[TASK STATEMENT]
Copy nothing before the line that contains "Как происходило формирование"; from there, transcribe each line exactly through the end of the material, omitting pictures.

[GIVEN MATERIAL]
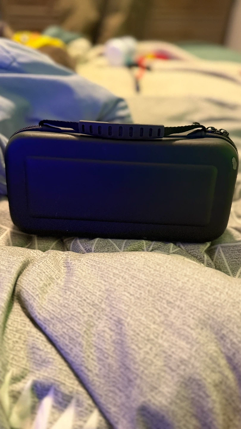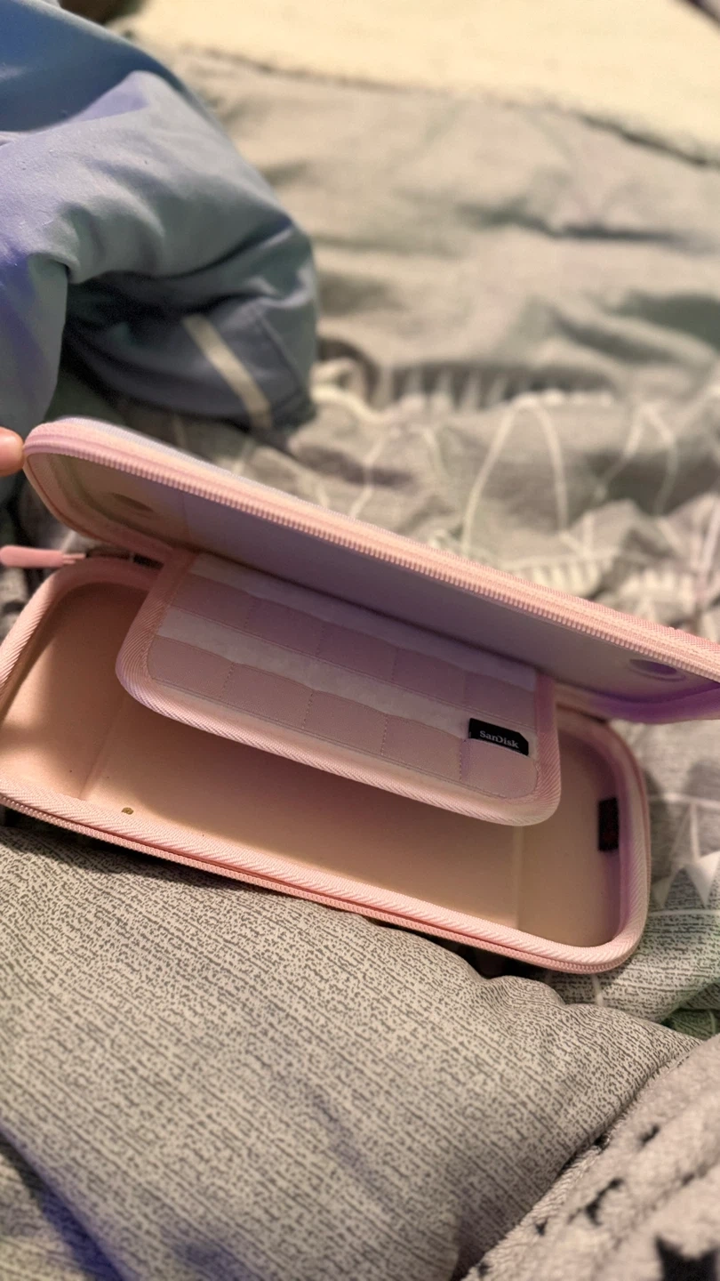 This pink carrying case fits a Nintendo Switch. It's designed to protect your console and comes with a lanyard, thumb grips, and a small bag for accessories. Plenty of storage for games and cards!
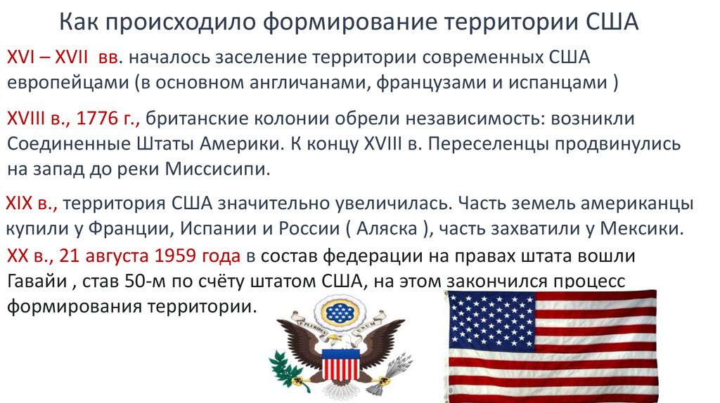 Как происходило формирование территории СШАXVI – XVII вв. началось заселение территории современных США
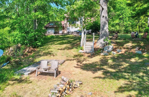 OUTDOOR LIVING: Direct lake access, private & expansive yard, chiminea for outdoor campfires (bring your own firewood), wooden Adirondack chairs, lounge chairs, beautiful towering pine trees, abundant open space, ample sun and shade
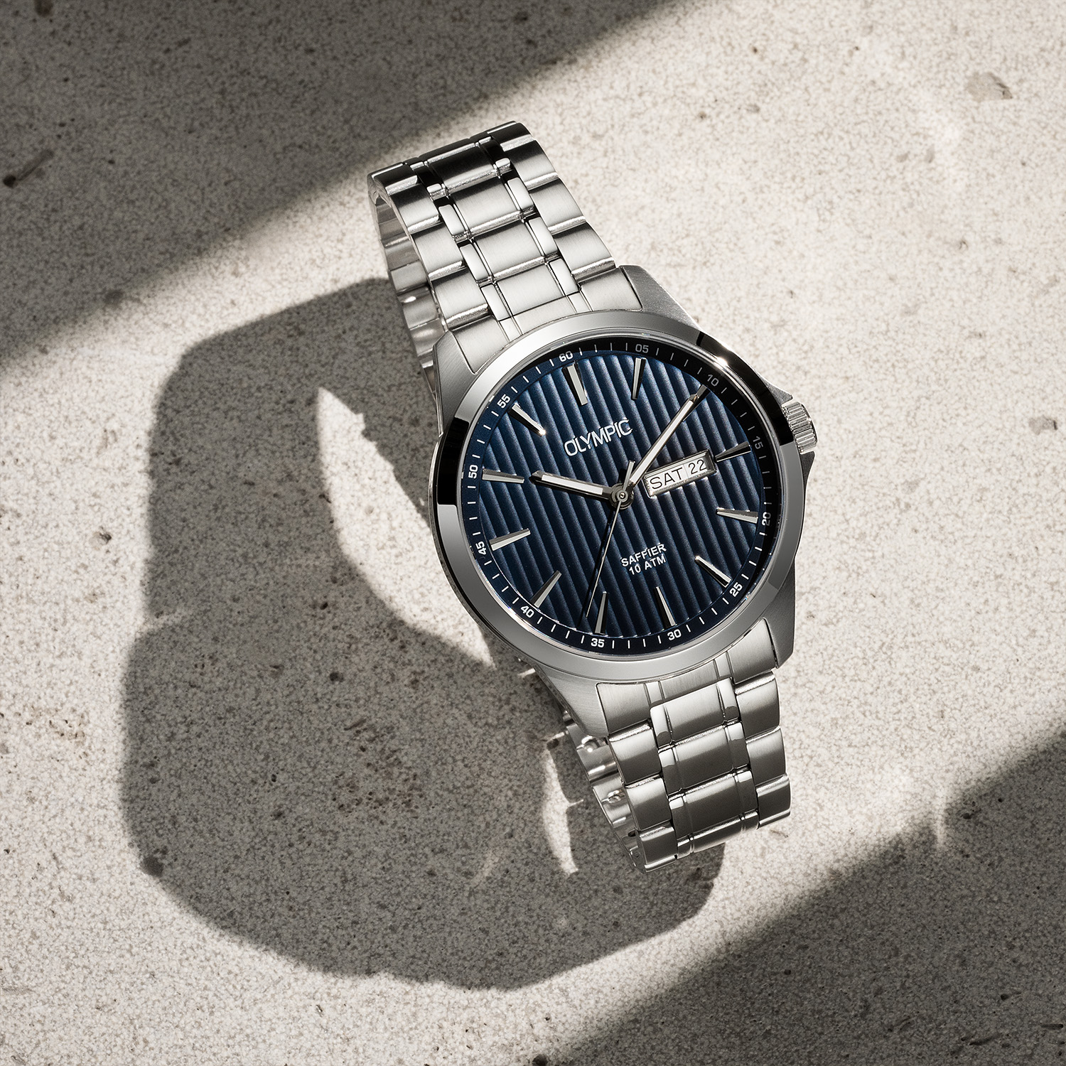 Dit unieke Olympic horloge met artikelnummer: OL26HSS312 is een klassiek horloge. De ronde stalen kast heeft een gladde bezel en een blauwe wijzerplaat met een dag,- en datum aanduiding. Aan de kast zit een stalen schakelband met een vouwsluiting. Het horloge heeft een saffierglas een doorsnee van 41mm en is 10ATM.

[ANSWER SPACE]
 Как происходило формирование территории СШАXVI – XVII вв. началось заселение территории современных США
 OUTDOOR LIVING: Direct lake access, private & expansive yard, chiminea for outdoor campfires (bring your own firewood), wooden Adirondack chairs, lounge chairs, beautiful towering pine trees, abundant open space, ample sun and shade
 Dit unieke Olympic horloge met artikelnummer: OL26HSS312 is een klassiek horloge. De ronde stalen kast heeft een gladde bezel en een blauwe wijzerplaat met een dag,- en datum aanduiding. Aan de kast zit een stalen schakelband met een vouwsluiting. Het horloge heeft een saffierglas een doorsnee van 41mm en is 10ATM.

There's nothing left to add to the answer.